My blood chilled in my veins. No.
“You can’t send me there,” I said, sitting up. Calum turned to face me.
“No. You can’t. They’re safe. Safe from him. You can’t send me there.” Icy dread pervaded me. It became real that I would leave Calum’s home. The first place I’d ever known safety, the only sanctuary I’ve ever had, and I had to leave. But the greater fear still was the fear for the people in Haven’s End. It was the last place free from his tyranny—the last shelter for the Magical world. I would bring ruin to them. That’s right. You aren’t safe anywhere. He’ll find you here, he’ll find you at Haven’s End. You’ll never be free of him. You belong to him. I could feel my chest begin to tighten, a vice grip around my rib cage, and I knew I had to get out of the cabin. Air turned to fire in my lungs, my limbs to lead as I scrambled for my walking staff. I threw my weight against it and moved as fast as my body would allow.
“Nox!” Calum jumped after me. He reached out to stop me.
“No!” I yelled before he could touch me. “Don’t.” Words became trapped in my throat as my body became less mine.
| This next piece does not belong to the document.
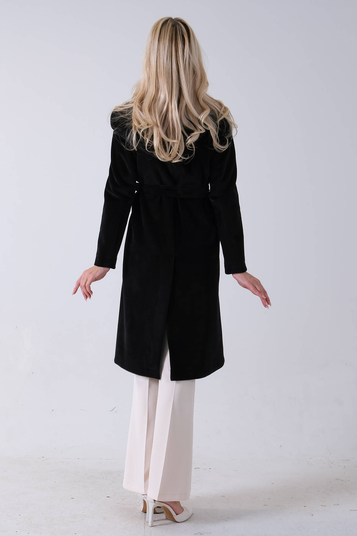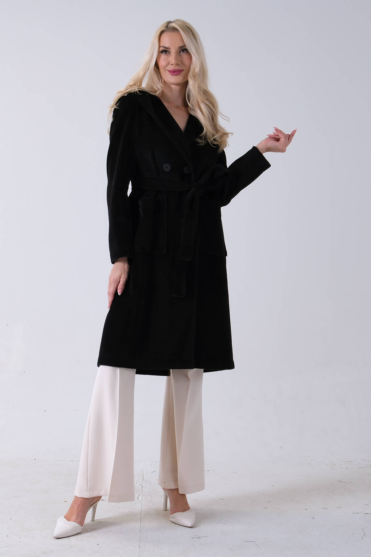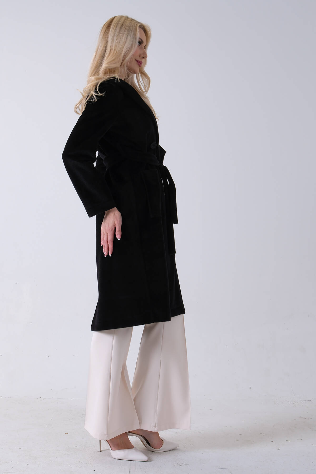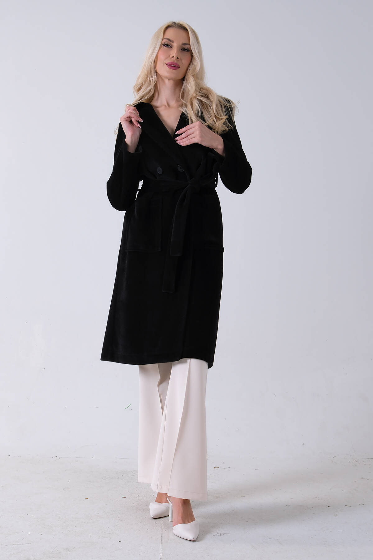 Siyah Çift Cepli Kemer Bağlamalı Kapüşonlu Yün Kaban 0108089.01

I could feel the heat searing on my skin while my blood ran cold. Outside. Away, was all I could manage to think. The threshold which was mere steps away earlier was now another world away. I could feel Calum close behind me, despite all the warning signs to stay away. He’d get hurt if he stayed close to me. My dependence on him was harmful to him. And it was starting to show. I stumbled and staggered towards the doorway, fearing I wouldn’t make it. Inches away from the door, pain lanced through me, robbing me of will and movement. I threw my head back and released a scream that shook the cabin. Something pulled on my body, and I was thrust outside. My body fell to the earth, but I did not feel the impact. I felt a liquid fall into my mouth, and the fires were quelled down to dull embers. I took a deep breath, and the world went black.